My suggestion is that Ye @
ye-luo-luo takes a look at this as a priority unless he is "full". A first challenge is to reproduce the problem on another system. It is certainly a very real bug on a Cray Intel system (eos) so is likely to be general.
This is our scariest and most important known bug. Hopefully spline bug the second is the same one as spline bug the first.
(Comment written after speaking to Jaron by phone)
Comment by: prckent
This bug is particularly scary, just like the first spline bug, because we can not rule out the possibility that it is slightly biasing the results of production runs that otherwise appear normal.
Comment by: ye-luo
No problems shows on BG/Q. I did the DFT (QE 5.3.0) and VMC(QMCPAC rev 7337) both on BG/Q qmca -q ev *.scalar.dat dmcJ0_comp_twist0 series 0 -2554.870550 +/- 0.007271 404.970022 +/- 1.933910 0.1585 dmcJ0_real_twist0 series 0 -2554.833197 +/- 0.010036 407.298302 +/- 1.146522 0.1594
transfer the h5 to EOS and run QMCPACK rev7344 on EOS qmca -q ev -e 5 *.scalar.dat dmcJ0_comp_twist0 series 0 -2554.834115 +/- 0.079253 404.658918 +/- 5.366533 0.1584 dmcJ0_real_twist0 series 0 -2555.016185 +/- 0.084016 400.174285 +/- 3.251338 0.1566
@
jtkrogel Please
1, transfer the h5 file to Mira and I will run QMCPACK.

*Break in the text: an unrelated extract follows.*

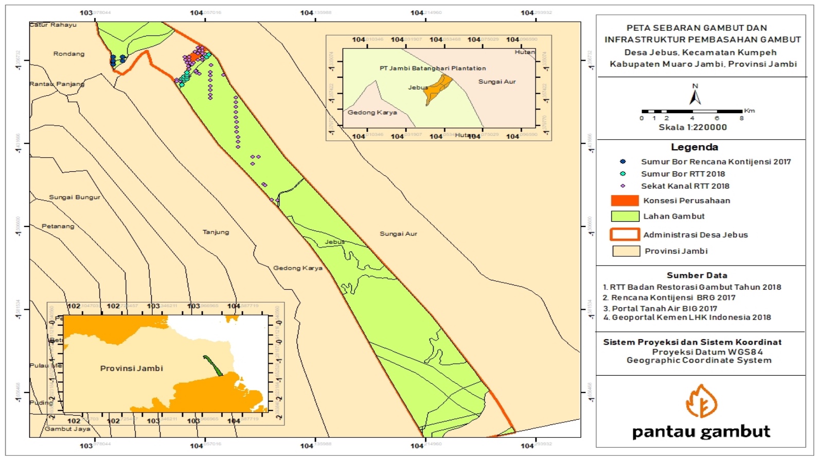 Desa Jebus yang secara administrasi masuk wilayah Kecamatan Kumpeh Ilir, Muaro Jambi, berada di wilayah dua Kesatuan Hidrologis Gambut (KHG), yaitu KHG Sungai Batang Hari - Sungai Air Hitam Laut dan KHG Sungai Mendahara - Sungai Batanghari. Sebagian besar wilayah Jebus adalah gambut yang luasnya mencapai 116.028 hektar. Kedua KHG ini termasuk dalam program prioritas restorasi 2 juta hektar lahan gambut.

2, copy my h5 (/gpfs/mira-fs1/projects/QMCSim/yeluo/spline_bug/Jaron/rerun/pwscf_output/pwscf.pwscf.h5) to your machine and run vmc with your qmcpack build.

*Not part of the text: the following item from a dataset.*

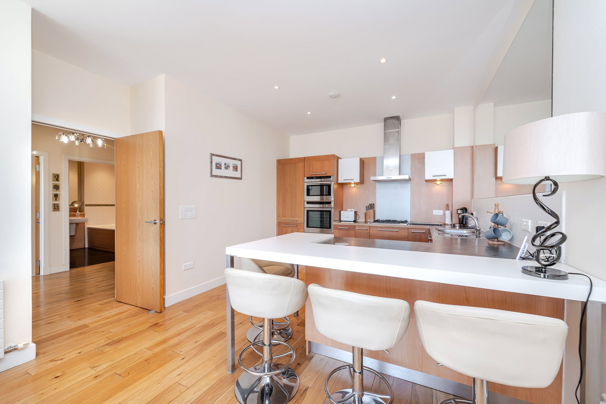 Located on the second floor, this naturally bright property is presented in walk in condition throughout. The internal accommodation includes a superb main lounge/dining room, an open plan kitchen, two spacious double bedrooms, an en suite shower room and a four-piece bathroom. In addition, there is a private balcony, accessed from the lounge/dining room, ample storage including fitted wardrobes in both bedrooms and we would also highlight the invaluable utility cupboard off the reception hall.

So we can further investigate the issue.
Comment by: jtkrogel
I was able to track down the original orbital file and I am now transferring it to Mira (/gpfs/mira-fs1/projects/QMCSim/jtkrogel/transfer/for_ye/01_spline_bug2/pwscf.pwscf.h5). I reran with this file and the large variance behavior is present; Ye's H5 file resulted in a normal variance with rev7044 on EOS.
The file itself is irregularly large, which may relate to the problems seen (it is ~106 GB (!!) compared to 3.5 GB from Ye). This is directly due to the presence of psi_r data in the file. There may be a bug in QMCPACK's handling of the file.
It is unclear (a) why the file is so large, (b) why QMCPACK failed w/ the real code at this and one other volume, but was (apparently) fine at other volumes w/ real or complex code even though large H5 files were produced at each volume.
I will rebuild QE on EOS to see if normal size files and normal behavior result. I will also check the "spline bug 1" orbital file for size irregularities.
Comment by: jtkrogel
The "spline bug 1" files do not present size irregularities as compared w/ Ye's file. They were also generated with QE 5.1, but on another machine (OIC5).
Comment by: prckent
It is definitely important to exchange the exact file that is known to cause problems on at least one machine.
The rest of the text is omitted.